_TASK ITEM_
Using the records that follow, reproduce exactly the lines starting at the line containing "tinkaro Satztische 3er-Set" and ending at the line containing "A collection of". Include both end lines and no pictures.

_DATA SECTION_
^^^^^^^^^^^^^^^^

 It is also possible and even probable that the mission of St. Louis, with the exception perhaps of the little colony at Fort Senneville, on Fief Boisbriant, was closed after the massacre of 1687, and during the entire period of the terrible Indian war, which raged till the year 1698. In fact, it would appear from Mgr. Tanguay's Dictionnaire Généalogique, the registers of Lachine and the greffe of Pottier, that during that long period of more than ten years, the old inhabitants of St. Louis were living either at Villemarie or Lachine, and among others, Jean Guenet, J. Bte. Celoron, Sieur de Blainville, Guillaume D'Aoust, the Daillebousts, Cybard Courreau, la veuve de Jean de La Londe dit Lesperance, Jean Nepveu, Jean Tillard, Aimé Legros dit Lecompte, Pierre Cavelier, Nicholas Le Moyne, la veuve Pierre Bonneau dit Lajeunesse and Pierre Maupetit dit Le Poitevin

^^^^^^^^^^^^^^^^

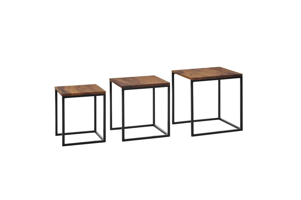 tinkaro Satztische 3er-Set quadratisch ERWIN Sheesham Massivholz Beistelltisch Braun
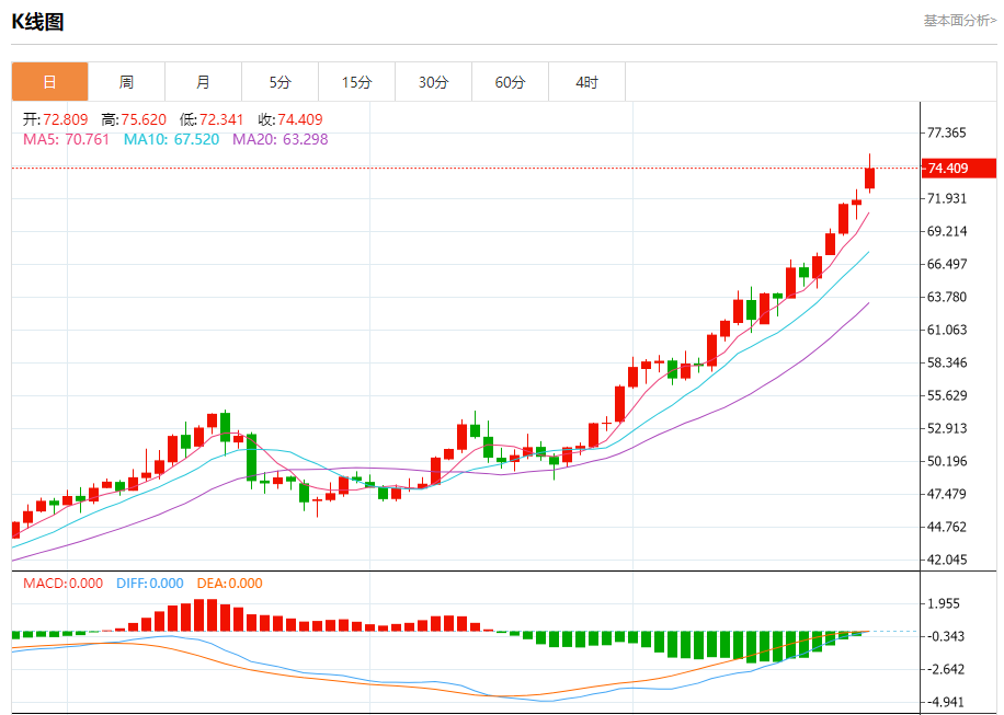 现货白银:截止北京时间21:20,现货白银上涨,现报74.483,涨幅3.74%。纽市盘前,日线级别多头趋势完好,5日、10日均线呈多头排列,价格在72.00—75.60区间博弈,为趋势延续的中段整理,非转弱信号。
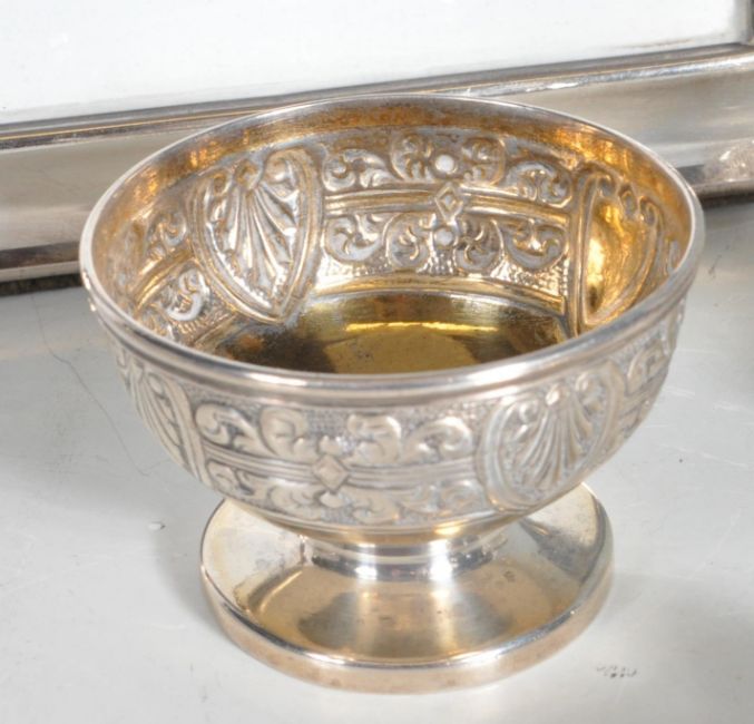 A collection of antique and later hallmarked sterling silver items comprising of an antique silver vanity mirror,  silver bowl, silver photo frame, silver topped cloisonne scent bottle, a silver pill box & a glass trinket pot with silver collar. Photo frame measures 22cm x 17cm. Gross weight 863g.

^^^^^^^^^^^^^^^^

_FINISHED TASK_
 tinkaro Satztische 3er-Set quadratisch ERWIN Sheesham Massivholz Beistelltisch Braun
 现货白银:截止北京时间21:20,现货白银上涨,现报74.483,涨幅3.74%。纽市盘前,日线级别多头趋势完好,5日、10日均线呈多头排列,价格在72.00—75.60区间博弈,为趋势延续的中段整理,非转弱信号。
 A collection of antique and later hallmarked sterling silver items comprising of an antique silver vanity mirror,  silver bowl, silver photo frame, silver topped cloisonne scent bottle, a silver pill box & a glass trinket pot with silver collar. Photo frame measures 22cm x 17cm. Gross weight 863g.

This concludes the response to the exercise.